=== Begin Enclosure ===

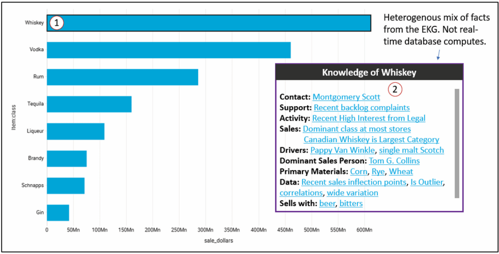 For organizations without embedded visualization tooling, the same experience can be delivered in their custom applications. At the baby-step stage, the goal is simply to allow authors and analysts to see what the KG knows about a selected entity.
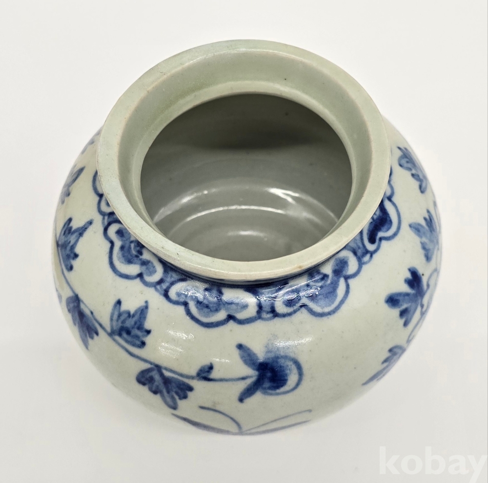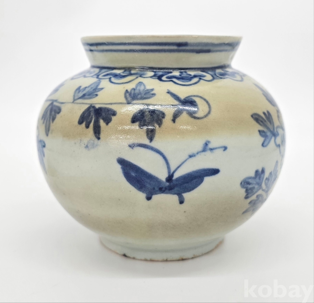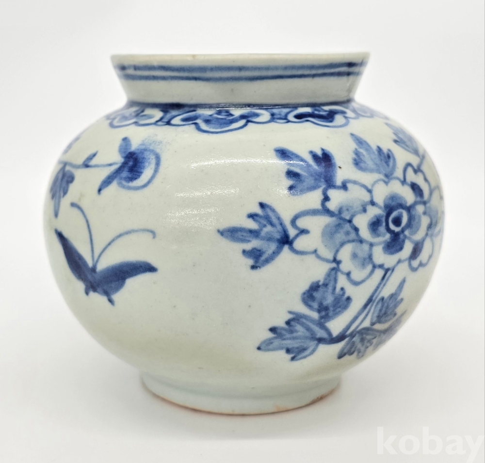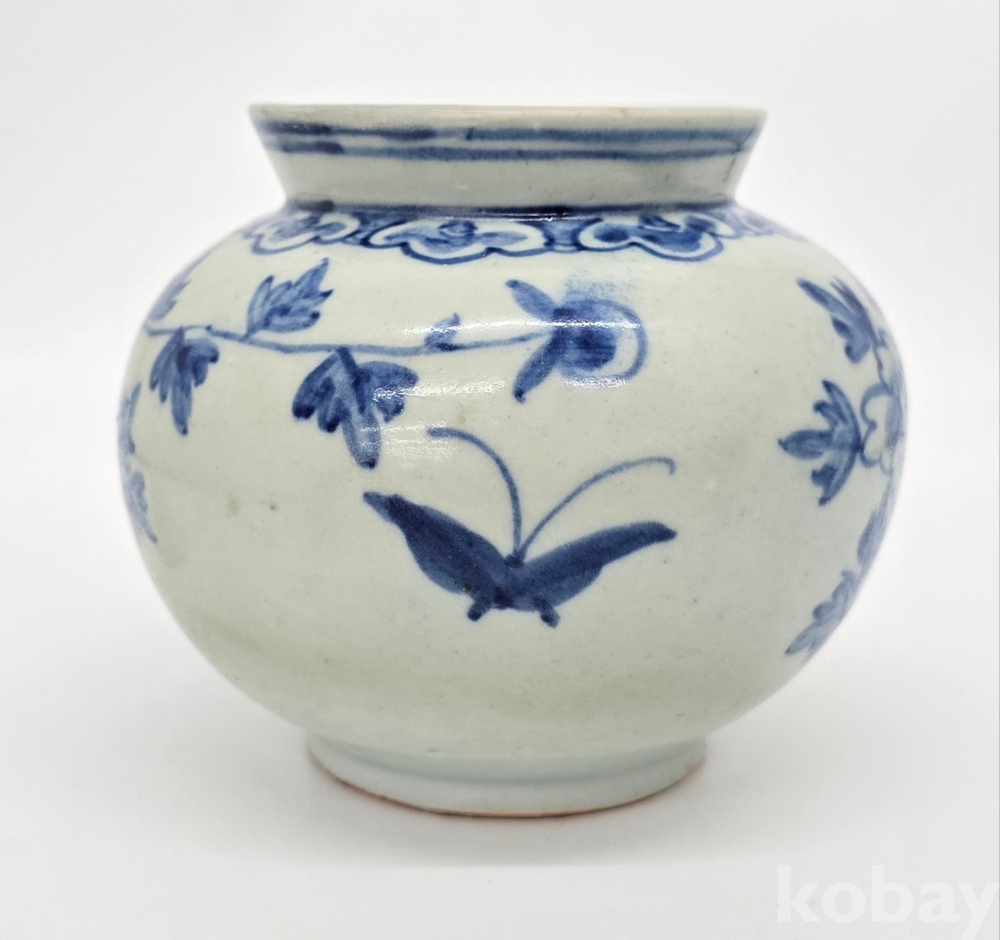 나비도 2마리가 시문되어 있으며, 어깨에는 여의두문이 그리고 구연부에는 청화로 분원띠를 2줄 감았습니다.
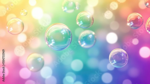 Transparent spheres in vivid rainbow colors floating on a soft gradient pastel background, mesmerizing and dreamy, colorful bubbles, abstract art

=== End Enclosure ===
=== Begin Enclosure ===

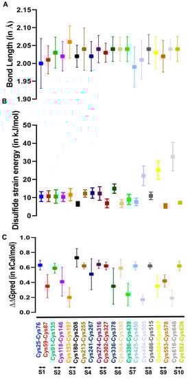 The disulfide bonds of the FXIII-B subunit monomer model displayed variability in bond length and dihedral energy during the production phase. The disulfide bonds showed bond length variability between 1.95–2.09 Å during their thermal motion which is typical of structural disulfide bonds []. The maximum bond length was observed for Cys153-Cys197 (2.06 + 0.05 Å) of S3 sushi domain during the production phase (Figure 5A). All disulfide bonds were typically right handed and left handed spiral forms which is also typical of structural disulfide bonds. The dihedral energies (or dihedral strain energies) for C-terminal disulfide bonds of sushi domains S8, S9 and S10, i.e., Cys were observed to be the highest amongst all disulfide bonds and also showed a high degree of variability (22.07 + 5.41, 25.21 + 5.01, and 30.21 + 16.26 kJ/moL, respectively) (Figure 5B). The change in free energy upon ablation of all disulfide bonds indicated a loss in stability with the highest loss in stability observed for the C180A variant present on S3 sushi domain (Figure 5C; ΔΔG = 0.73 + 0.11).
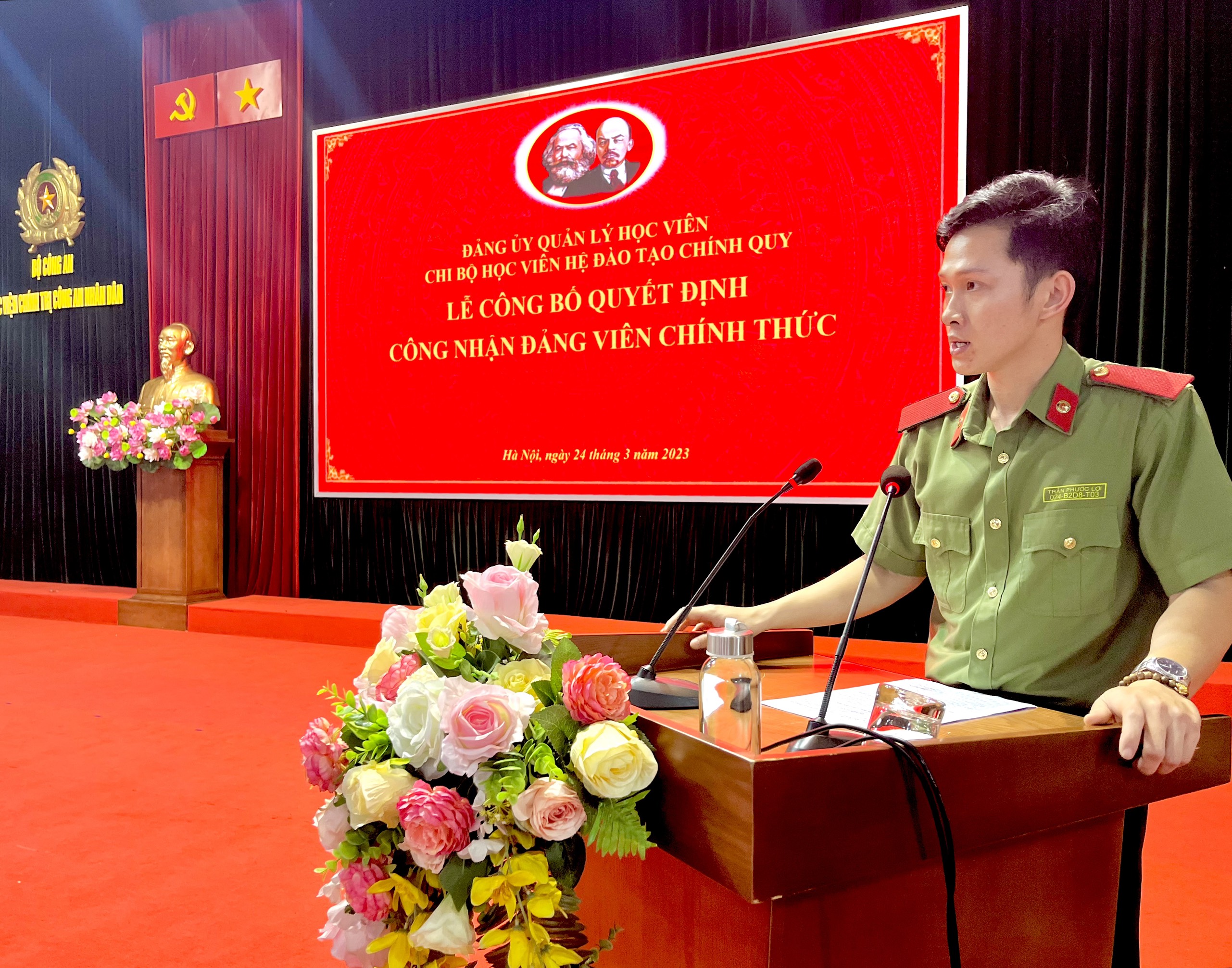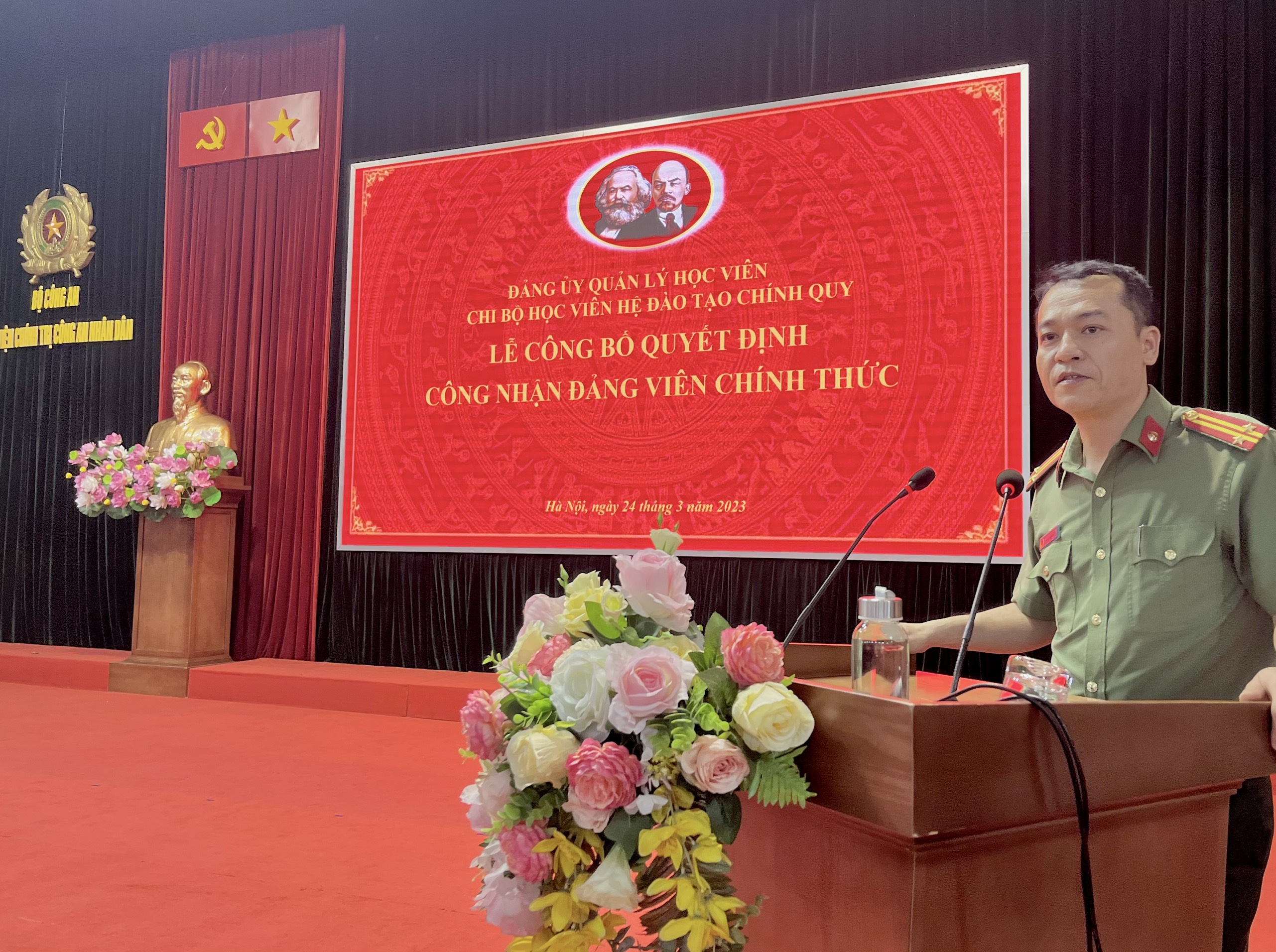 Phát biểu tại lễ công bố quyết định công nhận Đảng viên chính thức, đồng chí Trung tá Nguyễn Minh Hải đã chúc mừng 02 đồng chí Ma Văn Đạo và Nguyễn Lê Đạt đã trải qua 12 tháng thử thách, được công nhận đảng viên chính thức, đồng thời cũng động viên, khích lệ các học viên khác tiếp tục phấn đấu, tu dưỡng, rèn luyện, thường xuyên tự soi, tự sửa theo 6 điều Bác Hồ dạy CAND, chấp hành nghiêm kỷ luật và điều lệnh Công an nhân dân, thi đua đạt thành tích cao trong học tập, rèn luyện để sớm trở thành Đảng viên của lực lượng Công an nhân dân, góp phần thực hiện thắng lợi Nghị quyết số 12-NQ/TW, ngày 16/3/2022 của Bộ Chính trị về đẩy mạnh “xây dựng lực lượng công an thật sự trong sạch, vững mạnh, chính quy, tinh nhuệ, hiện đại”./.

=== End Enclosure ===
=== Begin Enclosure ===

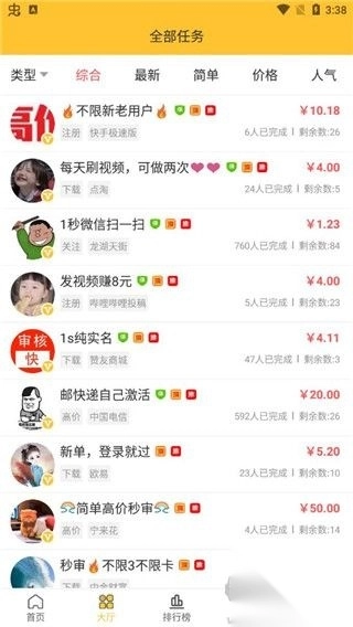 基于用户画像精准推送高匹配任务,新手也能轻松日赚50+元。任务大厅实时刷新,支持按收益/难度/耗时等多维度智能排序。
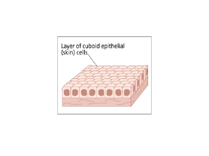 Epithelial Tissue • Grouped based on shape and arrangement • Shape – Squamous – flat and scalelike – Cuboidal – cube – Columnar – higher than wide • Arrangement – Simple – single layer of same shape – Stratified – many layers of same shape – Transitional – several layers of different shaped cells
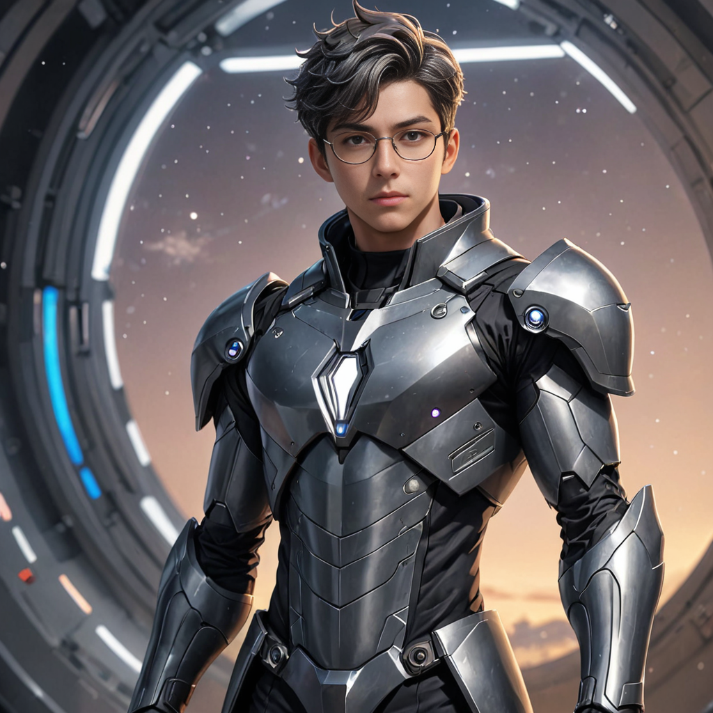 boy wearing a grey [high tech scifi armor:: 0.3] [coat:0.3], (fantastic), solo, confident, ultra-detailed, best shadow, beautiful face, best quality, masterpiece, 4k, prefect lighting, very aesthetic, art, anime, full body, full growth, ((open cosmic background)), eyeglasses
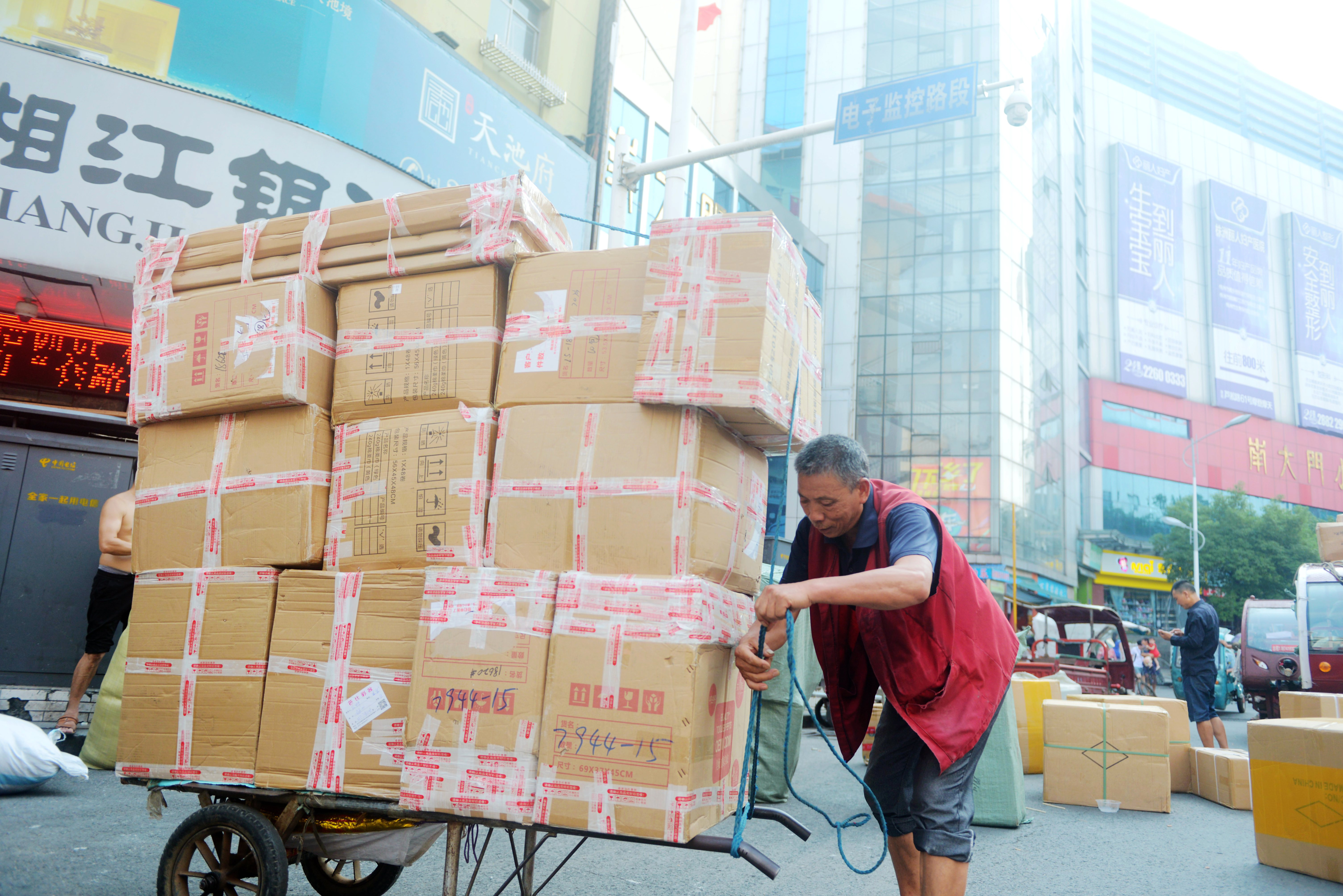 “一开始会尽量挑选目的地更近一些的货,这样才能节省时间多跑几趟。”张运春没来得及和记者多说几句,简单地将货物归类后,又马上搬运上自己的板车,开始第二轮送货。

=== End Enclosure ===

# HOW TO COMPLETE THIS TASK
Copy exactly the lines of the entries above from the one containing "The disulfide bonds of" through the one containing "Phát biểu tại". Both end lines count; pictures do not.

# RESULT BELOW
 The disulfide bonds of the FXIII-B subunit monomer model displayed variability in bond length and dihedral energy during the production phase. The disulfide bonds showed bond length variability between 1.95–2.09 Å during their thermal motion which is typical of structural disulfide bonds []. The maximum bond length was observed for Cys153-Cys197 (2.06 + 0.05 Å) of S3 sushi domain during the production phase (Figure 5A). All disulfide bonds were typically right handed and left handed spiral forms which is also typical of structural disulfide bonds. The dihedral energies (or dihedral strain energies) for C-terminal disulfide bonds of sushi domains S8, S9 and S10, i.e., Cys were observed to be the highest amongst all disulfide bonds and also showed a high degree of variability (22.07 + 5.41, 25.21 + 5.01, and 30.21 + 16.26 kJ/moL, respectively) (Figure 5B). The change in free energy upon ablation of all disulfide bonds indicated a loss in stability with the highest loss in stability observed for the C180A variant present on S3 sushi domain (Figure 5C; ΔΔG = 0.73 + 0.11).
 Phát biểu tại lễ công bố quyết định công nhận Đảng viên chính thức, đồng chí Trung tá Nguyễn Minh Hải đã chúc mừng 02 đồng chí Ma Văn Đạo và Nguyễn Lê Đạt đã trải qua 12 tháng thử thách, được công nhận đảng viên chính thức, đồng thời cũng động viên, khích lệ các học viên khác tiếp tục phấn đấu, tu dưỡng, rèn luyện, thường xuyên tự soi, tự sửa theo 6 điều Bác Hồ dạy CAND, chấp hành nghiêm kỷ luật và điều lệnh Công an nhân dân, thi đua đạt thành tích cao trong học tập, rèn luyện để sớm trở thành Đảng viên của lực lượng Công an nhân dân, góp phần thực hiện thắng lợi Nghị quyết số 12-NQ/TW, ngày 16/3/2022 của Bộ Chính trị về đẩy mạnh “xây dựng lực lượng công an thật sự trong sạch, vững mạnh, chính quy, tinh nhuệ, hiện đại”./.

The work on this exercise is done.